Real estate in the Greater Toronto Area (GTA) continued to feel the weight of high borrowing costs and uncertain economic conditions in November 2023. Reflecting these challenging circumstances, GTA home sales saw a slump on a year-over-year basis, while a rise in listings brought some relief from last year's tighter supply. Despite an increased selection for buyers, selling prices essentially stood still compared to the previous year.
Toronto Regional Real Estate Board (TRREB) President Paul Baron commented, “Inflation and elevated borrowing costs have taken their toll on affordability. This has been no more apparent than in the interest rate sensitive housing market. However, it does appear relief is on the horizon. Bond yields, which underpin fixed-rate mortgages have been trending lower and an increasing number of forecasters are anticipating Bank of Canada rate cuts in the first half of 2024. Lower rates will help alleviate affordability issues for existing homeowners and those looking to enter the market”.

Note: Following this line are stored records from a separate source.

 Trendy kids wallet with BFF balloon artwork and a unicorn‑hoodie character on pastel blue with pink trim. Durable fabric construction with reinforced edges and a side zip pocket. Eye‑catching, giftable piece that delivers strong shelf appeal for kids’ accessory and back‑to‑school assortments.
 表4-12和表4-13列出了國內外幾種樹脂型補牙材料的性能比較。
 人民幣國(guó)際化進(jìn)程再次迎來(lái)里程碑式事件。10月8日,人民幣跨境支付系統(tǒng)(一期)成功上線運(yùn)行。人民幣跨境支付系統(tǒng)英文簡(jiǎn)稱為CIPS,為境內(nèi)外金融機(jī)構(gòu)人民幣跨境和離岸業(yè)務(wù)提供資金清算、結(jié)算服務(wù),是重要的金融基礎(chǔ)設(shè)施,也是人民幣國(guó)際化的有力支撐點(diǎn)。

According to GTA REALTORS®, there were 4,236 sales reported through TRREB’s MLS® System in November 2023. This figure represented a six percent drop from the sales recorded in November 2022. At the same time, November 2023 saw a 16.5 percent increase in new listings compared to the same period in the previous year. On a seasonally adjusted monthly basis, sales saw a slight uptick from their October 2023 figures, whereas new listings experienced a 5.5 percent decrease.

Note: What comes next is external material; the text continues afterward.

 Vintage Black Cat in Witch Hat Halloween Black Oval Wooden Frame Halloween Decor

Comparing November 2023 to November 2022, both the MLS® Home Price Index Composite benchmark and the average selling price of $1,082,179 remained virtually unchanged. However, on a seasonally adjusted monthly basis, the MLS® HPI Composite benchmark and the average selling price recorded declines of 1.7 percent and 2.2 percent respectively.
Jason Mercer, TRREB's Chief Market Analyst, pointed out, “Home prices have adjusted from their peak in response to higher borrowing costs. This has provided some relief for buyers, from an affordability perspective. As mortgage rates trend lower next year and the population continues to grow at a record pace, expect demand to increase relative to supply. This will eventually lead to renewed growth in home prices".

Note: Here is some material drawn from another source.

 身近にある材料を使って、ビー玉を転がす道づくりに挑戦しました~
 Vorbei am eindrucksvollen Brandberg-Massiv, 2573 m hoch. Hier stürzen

John DiMichele, TRREB CEO, emphasized the primary role of housing, stating, “Houses and condos are meant to be homes, first and foremost. We know the demand for homes, both rental and ownership, will grow for years to come. We have seen some productive policy decisions recently that should help with housing affordability, including allowing existing insured mortgage holders to switch lenders without the stress test. Additionally, in the interest of household and economic stability, we continue to call on the Office of the Superintendent of Financial Institutions (OSFI) to apply the same approach to uninsured mortgages. It also goes without saying that further policy work is required to bring more supply online”.